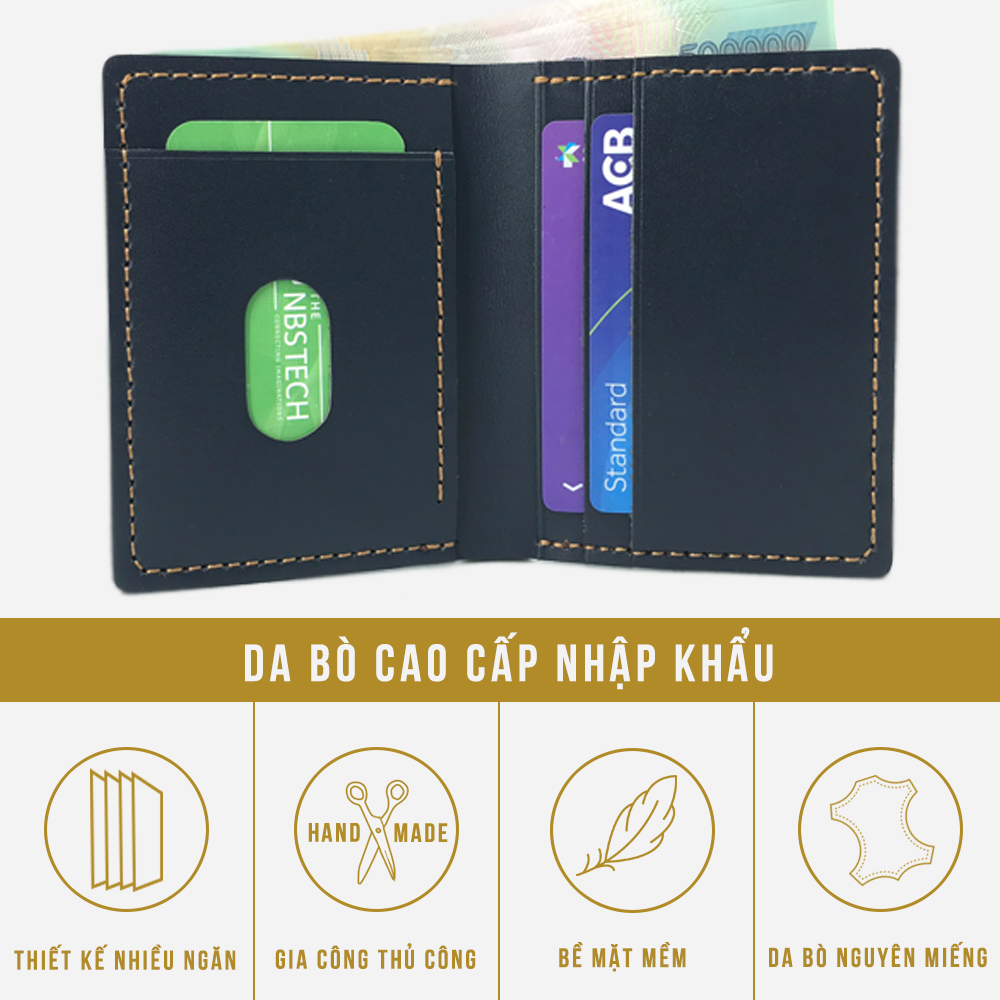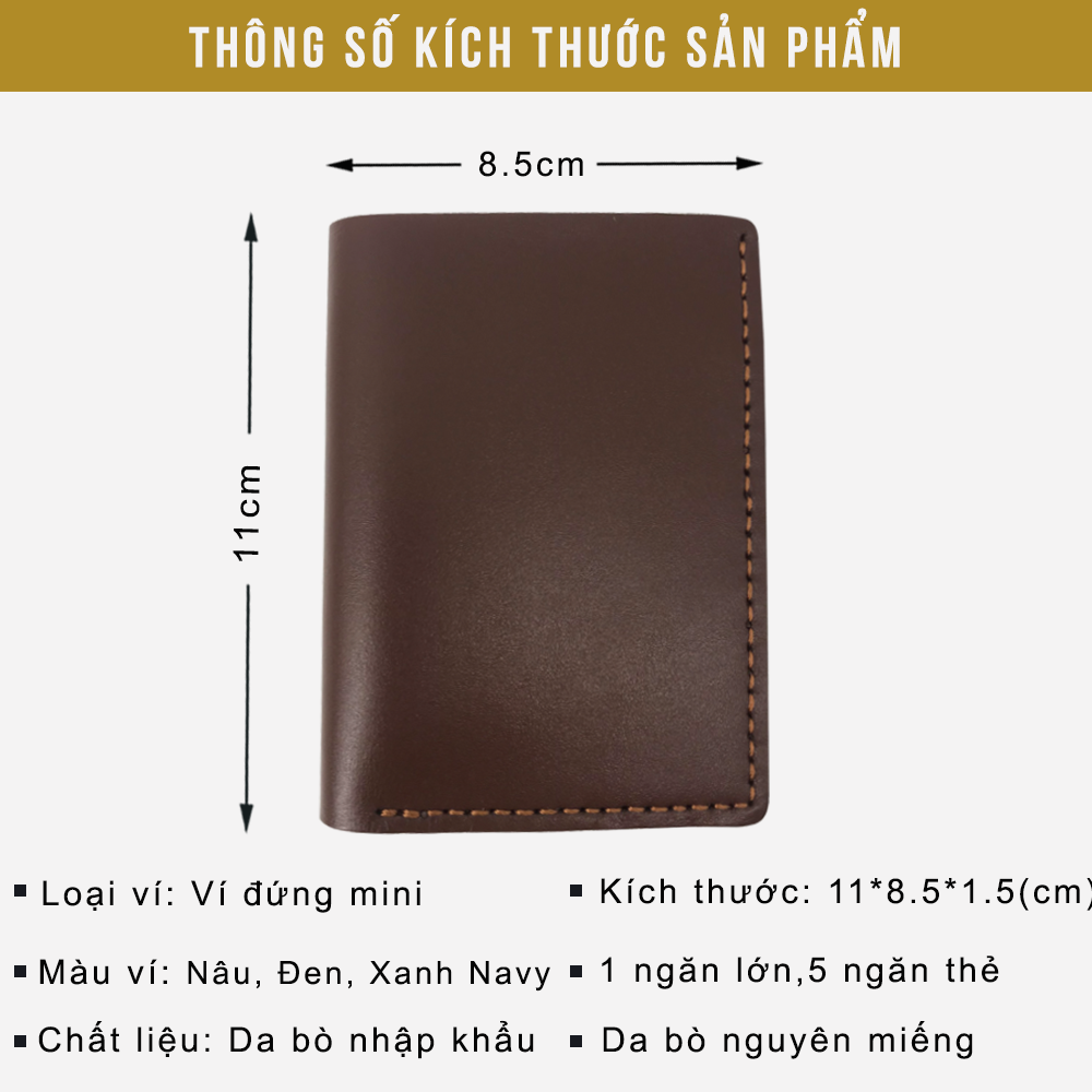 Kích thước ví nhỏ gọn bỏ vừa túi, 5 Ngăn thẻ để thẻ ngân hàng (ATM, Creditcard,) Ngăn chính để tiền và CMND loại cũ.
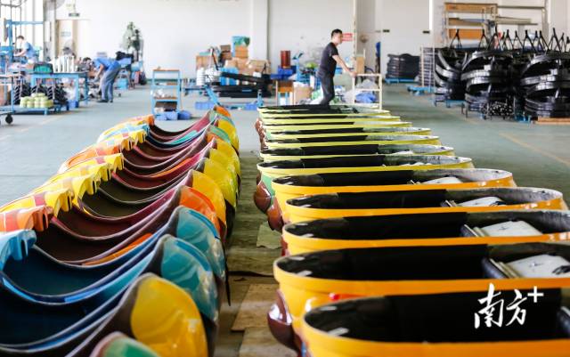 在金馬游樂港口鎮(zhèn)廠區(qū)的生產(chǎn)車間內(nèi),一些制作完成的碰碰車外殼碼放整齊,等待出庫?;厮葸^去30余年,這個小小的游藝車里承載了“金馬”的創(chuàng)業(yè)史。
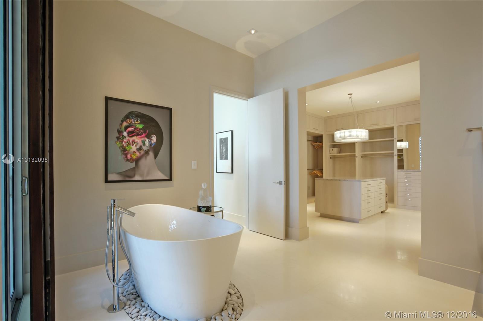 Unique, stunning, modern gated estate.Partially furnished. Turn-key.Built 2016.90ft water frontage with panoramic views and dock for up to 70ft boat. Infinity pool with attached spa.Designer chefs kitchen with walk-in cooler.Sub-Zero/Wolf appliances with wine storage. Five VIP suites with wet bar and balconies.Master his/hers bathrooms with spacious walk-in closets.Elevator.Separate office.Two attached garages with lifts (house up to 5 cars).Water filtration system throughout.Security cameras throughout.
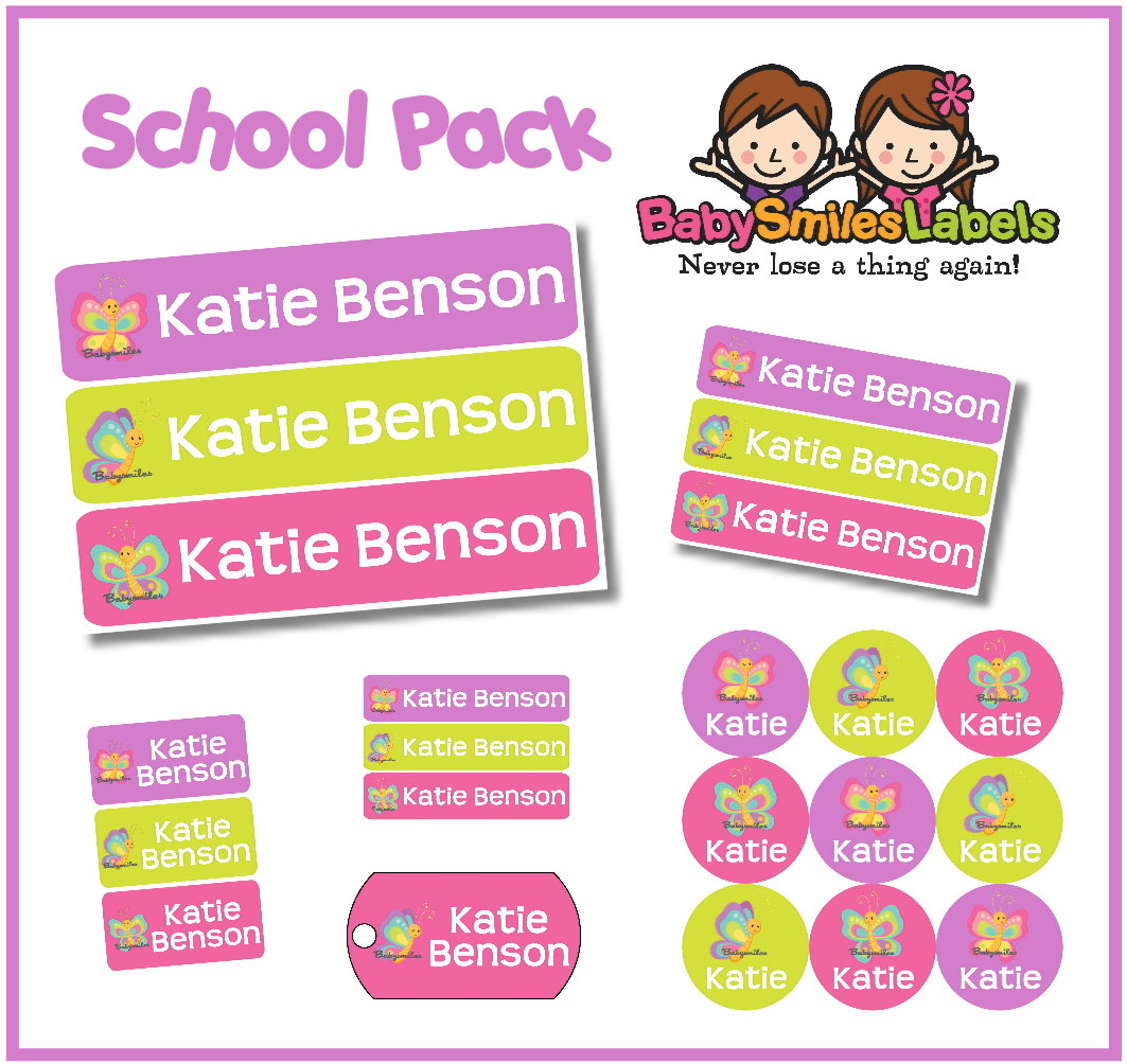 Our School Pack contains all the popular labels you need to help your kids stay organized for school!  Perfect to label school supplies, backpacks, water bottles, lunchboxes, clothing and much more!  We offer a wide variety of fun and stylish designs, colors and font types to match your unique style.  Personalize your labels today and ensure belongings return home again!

Exercise prompt ->
Write the material out again exactly as it appears, dropping the pictures.

Answer for the task ->
 Kích thước ví nhỏ gọn bỏ vừa túi, 5 Ngăn thẻ để thẻ ngân hàng (ATM, Creditcard,) Ngăn chính để tiền và CMND loại cũ.
 在金馬游樂港口鎮(zhèn)廠區(qū)的生產(chǎn)車間內(nèi),一些制作完成的碰碰車外殼碼放整齊,等待出庫?;厮葸^去30余年,這個小小的游藝車里承載了“金馬”的創(chuàng)業(yè)史。
 Unique, stunning, modern gated estate.Partially furnished. Turn-key.Built 2016.90ft water frontage with panoramic views and dock for up to 70ft boat. Infinity pool with attached spa.Designer chefs kitchen with walk-in cooler.Sub-Zero/Wolf appliances with wine storage. Five VIP suites with wet bar and balconies.Master his/hers bathrooms with spacious walk-in closets.Elevator.Separate office.Two attached garages with lifts (house up to 5 cars).Water filtration system throughout.Security cameras throughout.
 Our School Pack contains all the popular labels you need to help your kids stay organized for school!  Perfect to label school supplies, backpacks, water bottles, lunchboxes, clothing and much more!  We offer a wide variety of fun and stylish designs, colors and font types to match your unique style.  Personalize your labels today and ensure belongings return home again!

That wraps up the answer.